Beauty spots were likely born out of a desire to mimic East Coast village greens and wooded glens here on the prairie. Postcards of the parks, though often retouched with color and perhaps even edited to remove flaws, document an early and earnest civic pride.

Towns like Litchfield, Le Sueur, Owatonna and Mankato were eager to let the world know about the civilized public parks they had to offer.

Many town parks grew up along rivers and lakes, including Mankato’s Sibley Park, which boasted a racetrack and deer park. Located on the banks of the Minnesota River, it became a popular destination. But it wasn’t the only one in the area.

 

Blessed with blufflands, Mankato had beauty spots with sweeping river views, but also more urbane locales, such as Lincoln Park in downtown, and a Lovers Lane.

In Bemidji, the beauty spot was a lakeshore parkway that linked its downtown Carnegie Library to the state teachers college, which would later become Bemidji State University.

Shelter on the plains

In much of western and central Minnesota, geographic features tend to be subtle. Without dramatic river bluffs, dense woods or lakes, townspeople constructed local landmarks, many of which were reminiscent of their pasts.

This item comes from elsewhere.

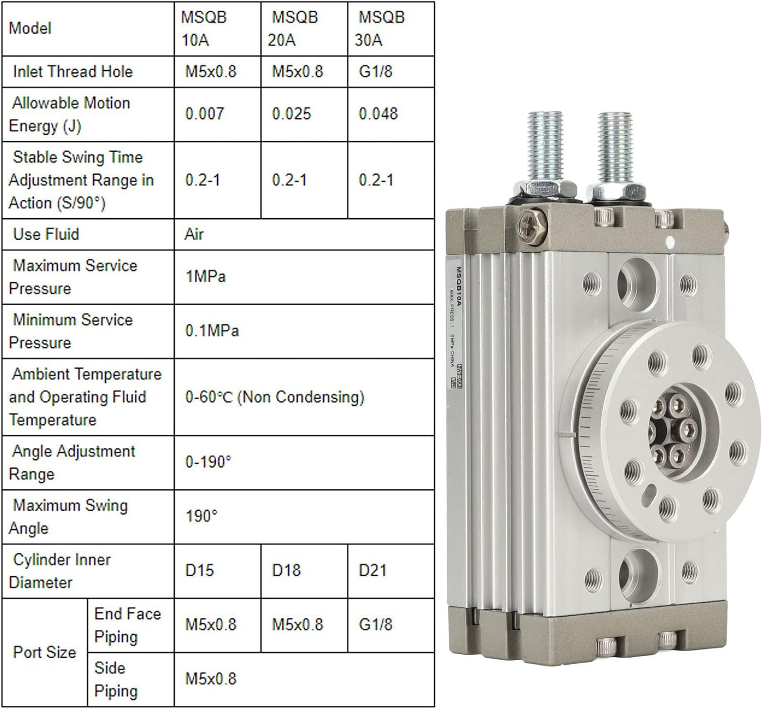 1. [Angle Adjustable] The rotating cylinder uses an angle adjustment unit and can be adjusted from 0 to 190 degrees, the is smooth and accurate. 2. [Design Feature] Built-in magnetic ring, can be installed with magnetic switch. The cylinder is double-acting, air supply from both sides of the piston and output force in one or two directions. 3. [Made of Aluminum Alloy] The cylinder is made of aluminum alloy, which is sturdy, hard to corrode and rust, can work normally in high and low temperature environment. 4. [Large Output Force] The air cylinder is designed with roller bearing, with a large output force, the sealing performance will automatically improve with the increase of pressure. 5. [Wide Application] The cylinder is widely used in automation equipment in light industry, chemical industry, textile, electronics, machinery and other industries. Specification: Material: aluminium alloy. Model MSQB 10A MSQB 20A MSQB 30A Inlet Thread Hole M5x0.8 M5x0.8 G1/8 Allowed Motion Energy (J) 0.007 0.025 0.048 Time adjustment range of stable in action (S/90°) 0.2-1 0.2-1 0.2-1 Use fluid air Maximum service pressure 1MPa Minimum service pressure 0.1MPa Ambient temperature and operating fluid temperature 0-60°C (non-condensing) Angle adjustment range 0-190° Max angle 190° Cylinder Inner Diameter D15 D18 D21 Connection Size End Face Pipe M5x0.8 M5x0.8 G1/8 Side Pipe M5x0.8 Packing List: 1 x Rotary Pneumatic Air Cylinder
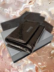 Кошелёк женский из натуральной лакированной кожи черный, на молнии, с отделениями для карт и мелочи

In railroad towns on the prairie, such as Litchfield, residents carved out a sense of local character by creating formal town parks. They installed formal, linear walks and planted a canopy of trees, then used the surrounding buildings to create an urbane sense of enclosure.

Across the Upper Midwest, even the smallest towns built parks, with formal iron fountains imported from the East Coast and bandstands for summer concerts. Like Litchfield’s beauty spot, they served as sheltering public spaces that contrasted with the open prairie.

 

Olivia copyAuthor’s collection

In Renville County, the small town of Olivia planted a grove of trees as its early town park. Less costly than an ornamental park with formal fountains, the canopy of trees offered a rare place of enclosure and shade. The linear layout of the trees and central path to a wooden bandstand established a sense of order on the open land.

Higher aspirations, growing towns

A generation later, in the City Beautiful and Beaux Arts eras (1900-30), Midwestern towns began to build even grander, neoclassically inspired parks with pergolas, performance halls and amphitheaters.

Owatonna’s Central Park boasted a Craftsman-style bandstand and linear walks converging on an ornate, two-tier iron fountain.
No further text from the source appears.